Cruise lenkt den Wagen zur Hunda-Insel. Eine Stunde lang geht es an Graswiesen und Antilopenherden entlang. Ebenholzbäume und Palmen spenden Schatten. Cruise scherzt über die "Daggaboys", die Dreckskerle, wie er die mit Schlamm bedeckten Büffel nennt. Sie suhlen sich im Morast, um ihre Haut zu schützen. Der Guide weist auf wilden Spargel, essbare Wurzeln und wilden Salbei hin. Letzterer übrigens ein Zeichen dafür, dass die Fläche regelmäßig geflutet wird.
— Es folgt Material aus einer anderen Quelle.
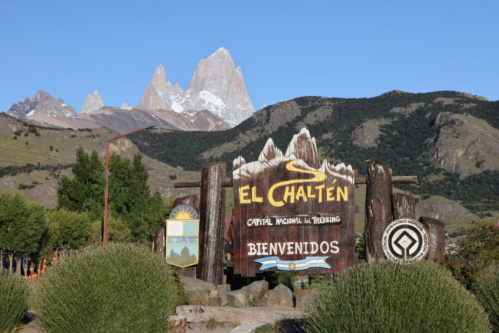 帰りにエルチャルテンの街の入口にある、看板の前で記念撮影。

Früher haben die hier lebenden Stämme gewusst, dass sie an solchen Stellen lieber kein langsam wachsendes Korn pflanzen. Auf der Anhöhe, jener Hunda-Insel, hält er an, gießt einen Morgenkaffee aus der Thermoskanne in die Tasse und schaut in den Himmel. Die Sonne scheint noch.

Vier Stunden später jagt ein Schauer übers flache Land. Es regnet, zwar nicht in Strömen, aber doch genug, um den Boden weiter zu befeuchten, damit die Flut in der Erde versickern kann, wenn sie in einigen Wochen das Binnendelta erreicht. Der Hornrabe hatte recht. Cruise hat keine Sekunde an seiner Wettervorhersage gezweifelt.

Im Wegenetz

Am Nachmittag zeigt er seinen Gästen, wie sich die Menschen im Delta Jahrhunderte lang fortbewegt haben. Am Ufer eines Wasserlaufs liegt ein etwa vier Meter langes Kanu, ein sogenanntes Mokoro – allerdings eine Nachbildung aus Fiberglas. Darin können zwei Personen sitzen, während ein Steuermann am Ende aufrecht steht.

Die Gewässer sind flach, knapp einen Meter tief, die Passagiere sitzen quasi auf Höhe der Wasseroberfläche. Das Gefährt schwankt hin und her, Cruise gleicht geschickt hinten aus, doch richtiges Erholungsgefühl stellt sich nicht ein. Soll sich auch nicht, die Sinne sind geschärft für die Umwelt. Für die Schilfinseln, die wie Igel aus dem Gewässer aufragen, und die rotbraunen Letschwe-Antilopen, die bei Gefahr wegspringen.

Cruise achtet darauf, einen vorgetretenen Kanal zu benutzen. "Der Hippo-Highway", lacht er. Die Dickhäuter haben dieses Wegenetz ins Wasser geschaufelt, um schneller durchs Nass zu pflügen. Momentan leben sie nicht in diesem Gewässer, es ist bereits zu seicht geworden. Nach etwa 90 Minuten kehrt das Boot ans Ufer zurück. Eine Heidenanstrengung für Cruise, der das Kanu nur per Kraft seiner Oberarme gelenkt hat. "Sport ist für heute abgehakt", sagt er.

Elefanten queren

Etwa 40 Minuten mit dem Kleinflugzeug Richtung Norden befindet sich der Fluss Linyanti. Von oben erkennen Reisende die Ausmaße dieser außergewöhnlichen Landschaft: Wasserläufe mäandern durch Savannen, kilometerlange Schlangen, die Gebiete zerteilen. Bis sich die Gras- zu einer dichten Schilflandschaft wandelt und der Fluss als breites Band eine natürliche Grenze zieht. Das 1.200 Quadratkilometer große Areal um ihn herum befindet sich nördlich des Deltas, direkt an der Grenze zu Namibia, hier leben noch weniger Menschen.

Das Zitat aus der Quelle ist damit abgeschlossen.